:: Data for analysis

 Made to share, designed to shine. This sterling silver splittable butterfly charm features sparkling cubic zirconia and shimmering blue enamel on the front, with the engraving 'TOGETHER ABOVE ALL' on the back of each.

::::
:: Data for analysis

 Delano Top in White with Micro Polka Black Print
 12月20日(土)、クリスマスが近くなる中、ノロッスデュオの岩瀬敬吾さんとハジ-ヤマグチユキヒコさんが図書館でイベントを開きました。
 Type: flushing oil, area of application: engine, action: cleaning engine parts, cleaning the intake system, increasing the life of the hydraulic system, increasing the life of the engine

::::
:: Data for analysis

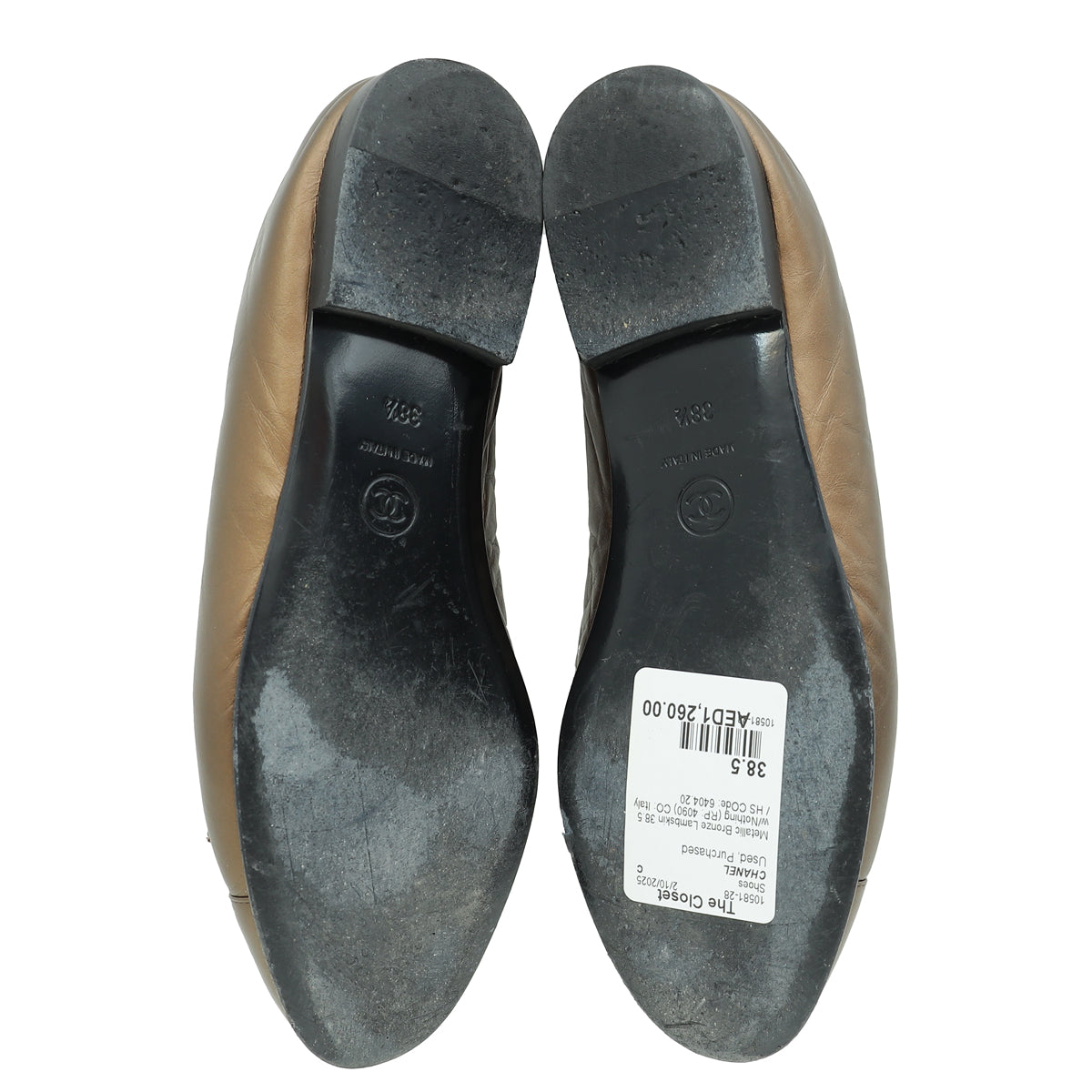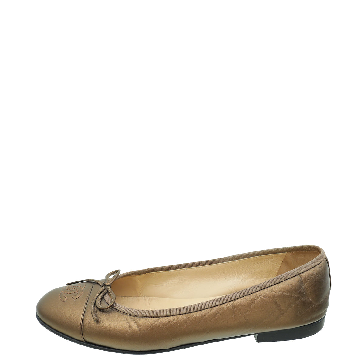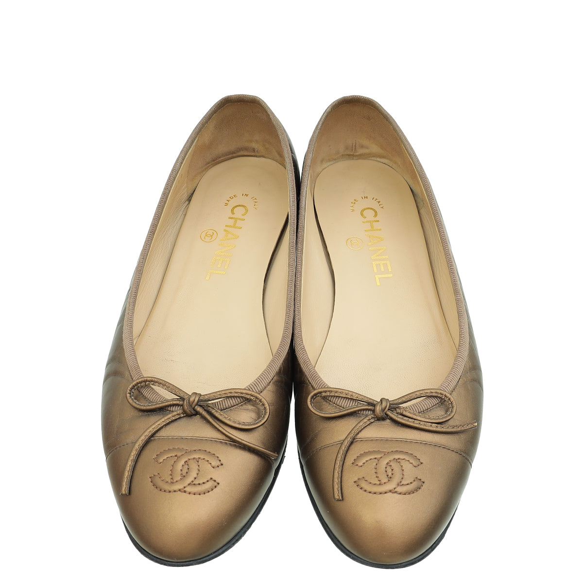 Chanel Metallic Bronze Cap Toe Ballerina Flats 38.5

::::

Work to be completed: Reproduce, word for word and in full, only the lines above that start at the line with "12月20日(土)、クリスマ" and run through the line with "Type: flushing oil, area", both ends included.

Written solution:
 12月20日(土)、クリスマスが近くなる中、ノロッスデュオの岩瀬敬吾さんとハジ-ヤマグチユキヒコさんが図書館でイベントを開きました。
 Type: flushing oil, area of application: engine, action: cleaning engine parts, cleaning the intake system, increasing the life of the hydraulic system, increasing the life of the engine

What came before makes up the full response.